I'm not arguing that highspeed broadband is a right, but Comcast definitely has a chokehold on the majority of the Seattle broadband market.

[1] http://westseattleblog.com/forum/topic/whats-the-status-of-q...

[2] http://www.examiner.com/information-technology-in-seattle/ve...

[3] http://mayormcginn.seattle.gov/seattle-applies-for-google-fi...

[4] http://www.seattle.gov/broadband/


I won't claim that Seattle is a terrible place for broadband, but it's also not wine and roses.

On the cable side, Comcast "competes" with Broadstripe. Broadstripe has both terrible customer service and poor internet service. Broadstripe also happens to have a bunch of apartment and condo complexes covered in an exclusivity agreement. Broadstripe makes Comcast look great in almost every regard.

On the DSL side it's true that Speakeasy is available, but if you are willing to ignore customer service, Qwest DSL is almost always dramatically cheaper. It's a good option, but sometimes not available above 1.5mbps, even in extremely central areas like Belltown, which is a neighborhood of condos and apartments directly adjoining downtown.

I'm on Comcast residential now and I'm pretty happy with it compared to my past experiences with all the companies I mentioned above, but next time I move within Seattle I now know one of the top questions to ask is what kind of internet access options the place has.


Since Speakeasy was bought by Best Buy and then shuffled off into MegaPath's maw, their customer service has gotten progressively worse. Qwest's customer service is OK as long as you're willing to learn the right magic phrases that they use. That's the hard part. On the flip side, their field techs have always been uniformly competent when I've dealt with them in spite of having to cope with the massive wad of bureaucracy that goes along with working for a huge telecom company.

DSL in general is slow in Seattle because the city hasn't spent much effort in upgrading its (or encouraging telecoms to upgrade their) old copper telecom infrastructure. When line lengths aren't just really long, they're often running over corroding 40 and 50 year-old copper. In about half the buildings I've lived in, the NID was still the very old nut-and-bolt screw down terminal style interfaces. 66 and 110 blocks? What are those?
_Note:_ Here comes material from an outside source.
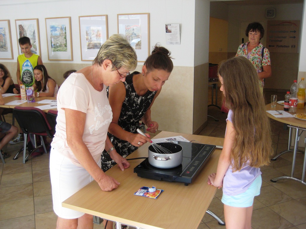 Jeder kennt sie, jeder liebt sie: Gummibärchen und Bonbons. Kaufen kann man sie mittlerweile in jedem Supermarkt, wobei man die kleinen Leckereien doch auch ganz leicht selber machen kann. Daher trafen sich zu Beginn der vierten Ferienwoche einige Ferienkinder im Jugend- und Altenhilfeverein in Grünau zur Herstellung von Bonbons und Gummibärchen. Die Zutaten waren übersichtlich und die Herstellung ebenfalls relativ leicht, so dass die Kinder mit Unterstützung von Erwachsenen schnell fertig wurden. Zum Schluss füllten die Kinder die Leckereien noch in kleine Schraubgläser, welche ebenfalls noch hübsch verziert wurden!

Here here. I have had Speakeasy since 1999. I used to love them with a passion. But over the years, they've basically stood still. My bandwidth has never increased, even when they said I could get 15 MB down. That turned out to not be possible (Major packet loss, unreliable connection). So, here I am paying the same amount I paid in 1999 for the same bandwidth I had in 2000. $100 a month for 3.0/768.

I hate it! But there are no other options in my neighborhood, except Comcast. I even live in Oakland. If I was in SF, I could get Astound, which I hear is awesome. But in Oakland, where I live, it's Comcast or something super inferior.

Speakeasy has had about 10X more outages this year than they have had over the past 12 years, BTW.


Yes, I do and I teach all my friends.


It's the people that inflate their own importance and think the government would actually monitor their every move. Sure, you do business with someone from the ME they might check up on you but once they figure out you're just a web developer they're going to move on to bigger fish.

The government has actual work to do.